A natural solution, on a way of reducing the size of the subset, was to "stripe down" its contents to leave only those conditions which are really needed to run the BetaMiniApp. The application itself also had to be configured not to use conditions beyond the subset. This goal had required to conduct a special investigation to figure out which conditions are relevant in this context and which aren't. In a course of this development it was "(re-)discovered" that we have no fine-grain control over which conditions are really needed for certain applications. That's because there is a thick layer of code in a form of so called "proxies" and "environment modules" laying in between the CDB API and actual recipients/users of the data fetched from CDB.
Another issue which is relevant in the context of the current document is related to the persistent schema. Even though the behavior of the BetaMiniApp has been "striped down" (in terms of used conditions), its code hasn't practically changed. It still depends on code (and persistent classes) of all conditions. This dependency alone is not a big problem on its own, what can be more serious is a questionable maintainability of this code when another persistent technology will be deployed in production.
In addition, we seem to face a strong push toward producing a subset of CDB to run Simulation Production jobs. With a lack of well defined fine-grain control over which conditions and which persistent classes are used by an application it would be hard to move forward of utilizing benefits of the "subsets".

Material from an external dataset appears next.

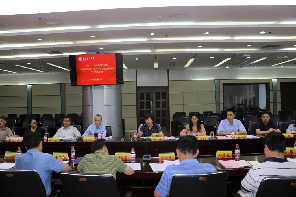 6月15日上午,bat365在仙林校区行政楼16楼会议室召开2021-2022学年第二学期本科教学督导、学位与研究生教育督导工作总结会议。党委常委、副校长时现,研究生院、学生处、人事处、评估及质量监控中心相关负责人,本科教学督导、学位与研究生教育督导等参加会议。会议由评估及质量监控中心主任阚京华主持。
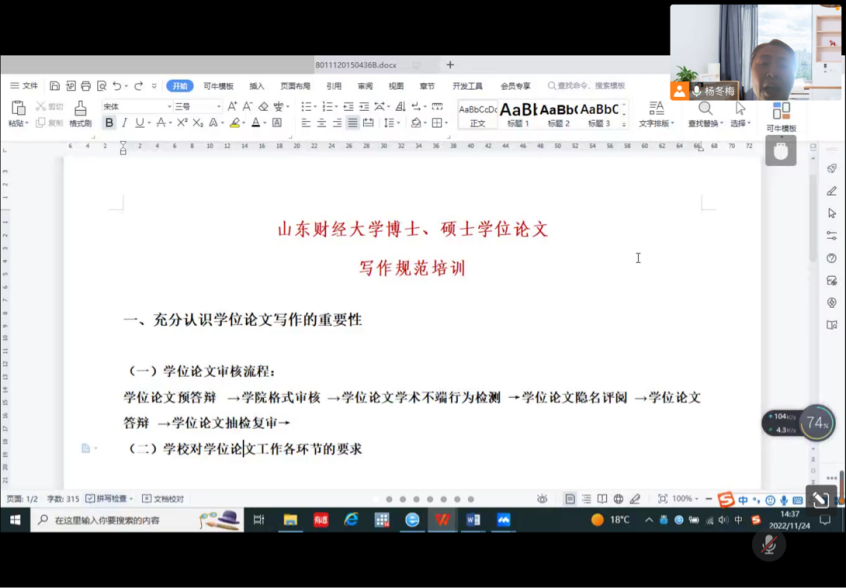 为规范论文格式,保证学位论文质量,11月24日下午,天美传媒 特别邀请博士生导师杨冬梅教授线上开展2023届毕业研究生学位论文写作规范培训工作,统计交叉科学研究中心主任兼天美传媒 副院长田金方教授主持专题讲座,2023届全体毕业研究生参加本次培训会议。

A far more serious limitation of the current architecture of the (CDB) client code was realized when we started moving CDB away from Objectivity/DB to ROOT I/O. A major complication of this migration is that both persistent technologies will co-exist in production applications for at least 1 year (a personal estimate of the author of the document). That's because (due to known restrictions of the ROOT I/O, which isn't really a "database" technology) the migrated CDB will initially be deployed in a read-only form. At the mean time, all critical production CDB installations, where new data will be put into, will still be using CDB in the Objectivity/DB format. As it's been explained in the "dependency" section 1.1 performing the migration in the client code in the "straightforward" way is going to create enormous amount of duplicated code. So, for example, for each condition there will be two proxies, two versions of the corresponding module instantiating the proxy and two versions of a sequence making sure that related module is linked and engaged by an application. Maintaining this code even in a mid-term is going to be a non-trivial and definitively a error prone task.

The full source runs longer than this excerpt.